Comment Re:I'll ask it again (Score 1) 367

The US cell market is a complete wasteland as far as competition in handsets. It all revolves around what the knuckleheads at Verizon (,etc, ad nauseum) think you want and how they think you want to see it.....for the low low price of a 2 year contract.

That is the essence of why Nokia doesn't sell (many) phones here - it's the vendors. Customers have no real say in the matter...not really...and the range of Nokia phones typically offered is terrible. (Unless you're of the rarified minority who a) is aware of and b) can consider paying $x00 for an unlocked "mostly functional" Nxx[x], of course. Heh.)

To wit:

AT&T's offering: Nokia Surge, 6350, Mural

Verizon: 7705, 7205, 6205, 2605, 2705

Sprint: none at all

That is an utterly unremarkable (not to say flip phones are bad) lineup of Nokia phones. No E-series or N-series even showing....c'mon.

-Matt

Comment Does this say anything?? (Score 1) 814

We've had Microsoft/Wintel hegemony for pushing 20 years now. (I was first denied purchase of a PC without Windows in 1991. OS/2 rulez!) Apple runs their own OS on the Intel side now for crying aloud.

That many Mac owners also have Windows should be surprising to no one....it's called "survival", and this far into the story I don't see how it's news. Many long-time Mac people have Windows around just to cope. Many, many frustrated Windows users simply keep their old systems around after making the switch. Duh. :-)

On another front, just to answer all the followups about what's cheaper: Apple's are cheaper that (e.g.) Dell's if you're comparing like systems. Dell offers lesser systems for less (junk IMO), and they even offer greater systems for even more (worth it only to a tiny segment of people). It is not accurate, nor has it been for years now, to say that Apple's are more expensive than Dell's.

-Matt

Comment Or maybe not so obvious? (Score 1) 438

Captain Obvious:

Both incorrect in substance as well as rating - it's not insightful. (Though no offense intended!)

While it's a near-certainty at this point that the world would be a better place without Verizon, they are a (sanctioned) monopoly in most markets where they operate. Also, many non-monopolies are operating well outside the "do what the customer wants, or else" version of Capitalism. They do more or less what they want, within the comfy dictates of the FCC.

This is why the poster has a problem with Verizon offering this "flavor" of IPv6.

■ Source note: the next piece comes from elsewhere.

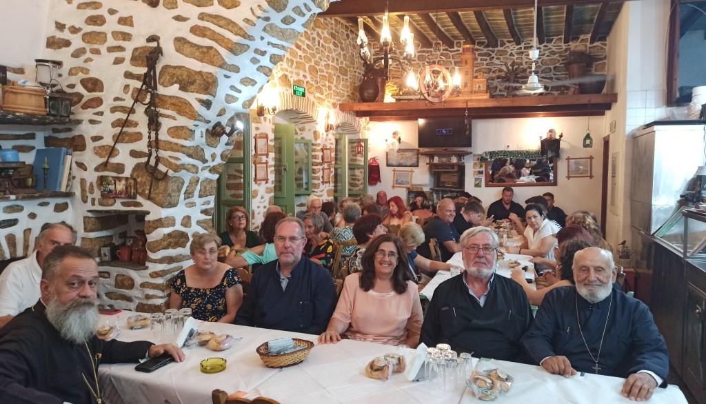 Ακολούθησε δείπνο με παραδοσιακά ματσάτα (τοπικά ζυμαρικά) Φολεγάνδρου -στους φιλόξενους χώρους του εστιατορίου «Ασύγκριτο», στη Χώρα-, που προσέφερε σε όλους τους εκλεκτούς Χανιώτες επισκέπτες μας ο Πρωτοπρεσβύτερος π. Παναγιώτης Μαρινάκης, εμπνευστής και οικοδεσπότης του Ανταμώματος.

Your argument would hold water (e.g.) if this were the old days of IPv4 Internet and you or I were complaining about getting a "full connection" from our local mom and pop ISP. In that scenario one could (in most towns) walk up the street and get the better connection you were looking for from another mom and pop.

(No concidence that in those days the likes of Verizon - or what would become them - was fully regulated, were much, much smaller. There was no room for the "Verizon flavor" of the Internet.)